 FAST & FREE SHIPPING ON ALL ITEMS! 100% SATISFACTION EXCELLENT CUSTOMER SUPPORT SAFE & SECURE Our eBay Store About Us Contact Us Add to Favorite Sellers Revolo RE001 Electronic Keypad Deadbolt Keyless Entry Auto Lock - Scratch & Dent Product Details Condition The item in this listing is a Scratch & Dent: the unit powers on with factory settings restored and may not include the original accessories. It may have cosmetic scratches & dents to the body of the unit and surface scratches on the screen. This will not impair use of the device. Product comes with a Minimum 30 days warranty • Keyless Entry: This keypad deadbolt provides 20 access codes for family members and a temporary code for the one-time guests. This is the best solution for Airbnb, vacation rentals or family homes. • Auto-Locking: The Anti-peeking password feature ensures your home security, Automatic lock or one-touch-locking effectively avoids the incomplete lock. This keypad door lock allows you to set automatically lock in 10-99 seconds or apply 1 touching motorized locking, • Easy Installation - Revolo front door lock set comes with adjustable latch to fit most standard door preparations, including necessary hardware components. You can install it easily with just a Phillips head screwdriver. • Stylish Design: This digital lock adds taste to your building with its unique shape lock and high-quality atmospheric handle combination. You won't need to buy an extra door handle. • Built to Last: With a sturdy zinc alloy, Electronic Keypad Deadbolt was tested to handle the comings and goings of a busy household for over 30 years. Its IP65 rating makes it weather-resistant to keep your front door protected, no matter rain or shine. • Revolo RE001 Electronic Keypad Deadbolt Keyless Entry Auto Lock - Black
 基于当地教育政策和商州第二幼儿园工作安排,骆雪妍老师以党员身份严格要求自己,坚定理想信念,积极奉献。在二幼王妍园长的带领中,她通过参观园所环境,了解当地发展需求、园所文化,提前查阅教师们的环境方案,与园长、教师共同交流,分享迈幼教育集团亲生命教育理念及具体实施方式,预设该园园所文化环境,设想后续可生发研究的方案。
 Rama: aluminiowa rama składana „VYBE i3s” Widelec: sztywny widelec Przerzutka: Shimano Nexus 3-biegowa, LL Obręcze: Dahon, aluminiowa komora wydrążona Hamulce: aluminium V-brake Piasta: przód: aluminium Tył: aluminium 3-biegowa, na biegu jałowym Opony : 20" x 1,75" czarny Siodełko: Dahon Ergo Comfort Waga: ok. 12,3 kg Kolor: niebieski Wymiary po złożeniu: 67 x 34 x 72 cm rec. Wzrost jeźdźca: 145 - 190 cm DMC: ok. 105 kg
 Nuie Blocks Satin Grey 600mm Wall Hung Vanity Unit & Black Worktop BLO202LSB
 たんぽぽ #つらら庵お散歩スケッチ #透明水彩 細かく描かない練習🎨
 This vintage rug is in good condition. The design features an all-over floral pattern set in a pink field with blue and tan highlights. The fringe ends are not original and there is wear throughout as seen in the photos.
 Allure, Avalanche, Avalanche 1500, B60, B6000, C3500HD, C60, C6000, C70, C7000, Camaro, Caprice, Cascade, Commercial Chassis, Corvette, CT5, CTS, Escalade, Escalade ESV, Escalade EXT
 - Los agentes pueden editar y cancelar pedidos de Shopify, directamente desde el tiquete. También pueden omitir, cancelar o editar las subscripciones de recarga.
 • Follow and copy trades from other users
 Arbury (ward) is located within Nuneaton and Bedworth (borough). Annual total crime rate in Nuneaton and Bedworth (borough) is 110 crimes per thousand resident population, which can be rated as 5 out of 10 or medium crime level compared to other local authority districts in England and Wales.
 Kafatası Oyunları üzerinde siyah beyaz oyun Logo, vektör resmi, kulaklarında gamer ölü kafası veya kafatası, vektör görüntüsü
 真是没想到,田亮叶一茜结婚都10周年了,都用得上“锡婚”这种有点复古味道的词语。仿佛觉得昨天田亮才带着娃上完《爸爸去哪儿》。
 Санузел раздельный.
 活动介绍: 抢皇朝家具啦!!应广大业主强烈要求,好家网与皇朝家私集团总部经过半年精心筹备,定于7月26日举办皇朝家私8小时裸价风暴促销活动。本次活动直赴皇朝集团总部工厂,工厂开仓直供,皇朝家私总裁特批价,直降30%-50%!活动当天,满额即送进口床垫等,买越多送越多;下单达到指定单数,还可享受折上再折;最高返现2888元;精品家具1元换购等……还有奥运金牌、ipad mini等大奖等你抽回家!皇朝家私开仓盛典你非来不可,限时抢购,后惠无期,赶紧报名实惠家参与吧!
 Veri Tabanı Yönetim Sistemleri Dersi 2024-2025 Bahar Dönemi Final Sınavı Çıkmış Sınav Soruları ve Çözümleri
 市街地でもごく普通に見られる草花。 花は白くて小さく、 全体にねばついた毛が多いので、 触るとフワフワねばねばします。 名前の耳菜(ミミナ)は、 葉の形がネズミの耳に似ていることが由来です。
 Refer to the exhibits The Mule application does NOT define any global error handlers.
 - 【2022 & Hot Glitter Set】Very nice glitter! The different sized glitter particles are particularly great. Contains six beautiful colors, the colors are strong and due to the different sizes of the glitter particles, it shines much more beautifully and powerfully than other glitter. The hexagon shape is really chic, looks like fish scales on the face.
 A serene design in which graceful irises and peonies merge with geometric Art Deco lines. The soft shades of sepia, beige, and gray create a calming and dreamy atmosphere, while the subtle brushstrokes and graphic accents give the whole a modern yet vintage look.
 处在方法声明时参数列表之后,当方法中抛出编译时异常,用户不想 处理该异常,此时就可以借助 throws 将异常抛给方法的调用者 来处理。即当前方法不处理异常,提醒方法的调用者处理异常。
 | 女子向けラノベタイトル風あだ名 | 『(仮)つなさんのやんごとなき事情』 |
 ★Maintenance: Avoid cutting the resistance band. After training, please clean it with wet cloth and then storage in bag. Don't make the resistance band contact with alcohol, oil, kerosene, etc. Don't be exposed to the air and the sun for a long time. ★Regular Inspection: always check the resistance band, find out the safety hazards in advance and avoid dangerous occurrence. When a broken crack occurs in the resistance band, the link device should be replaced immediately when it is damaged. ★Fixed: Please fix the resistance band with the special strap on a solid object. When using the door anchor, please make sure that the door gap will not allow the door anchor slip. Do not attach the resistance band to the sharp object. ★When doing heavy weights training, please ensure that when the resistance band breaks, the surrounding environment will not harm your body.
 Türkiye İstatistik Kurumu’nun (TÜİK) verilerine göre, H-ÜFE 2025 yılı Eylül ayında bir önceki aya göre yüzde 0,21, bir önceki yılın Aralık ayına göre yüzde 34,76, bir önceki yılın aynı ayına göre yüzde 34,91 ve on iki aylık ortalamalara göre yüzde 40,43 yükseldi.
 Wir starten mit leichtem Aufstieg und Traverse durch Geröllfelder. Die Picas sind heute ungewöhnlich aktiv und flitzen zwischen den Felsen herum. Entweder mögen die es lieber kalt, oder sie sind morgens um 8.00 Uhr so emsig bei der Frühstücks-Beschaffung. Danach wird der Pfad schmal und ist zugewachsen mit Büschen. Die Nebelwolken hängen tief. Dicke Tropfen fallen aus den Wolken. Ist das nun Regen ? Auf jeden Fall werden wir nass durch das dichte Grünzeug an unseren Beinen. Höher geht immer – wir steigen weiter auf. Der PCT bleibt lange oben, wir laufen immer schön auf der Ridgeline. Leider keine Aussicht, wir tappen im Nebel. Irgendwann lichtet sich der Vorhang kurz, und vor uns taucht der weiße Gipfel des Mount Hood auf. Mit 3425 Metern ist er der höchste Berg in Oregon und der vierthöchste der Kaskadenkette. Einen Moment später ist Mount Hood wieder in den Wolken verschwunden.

......

WHAT TO WORK ON: If a line in the records contains "which", report it.

SOLUTION:
 Arbury (ward) is located within Nuneaton and Bedworth (borough). Annual total crime rate in Nuneaton and Bedworth (borough) is 110 crimes per thousand resident population, which can be rated as 5 out of 10 or medium crime level compared to other local authority districts in England and Wales.
 A serene design in which graceful irises and peonies merge with geometric Art Deco lines. The soft shades of sepia, beige, and gray create a calming and dreamy atmosphere, while the subtle brushstrokes and graphic accents give the whole a modern yet vintage look.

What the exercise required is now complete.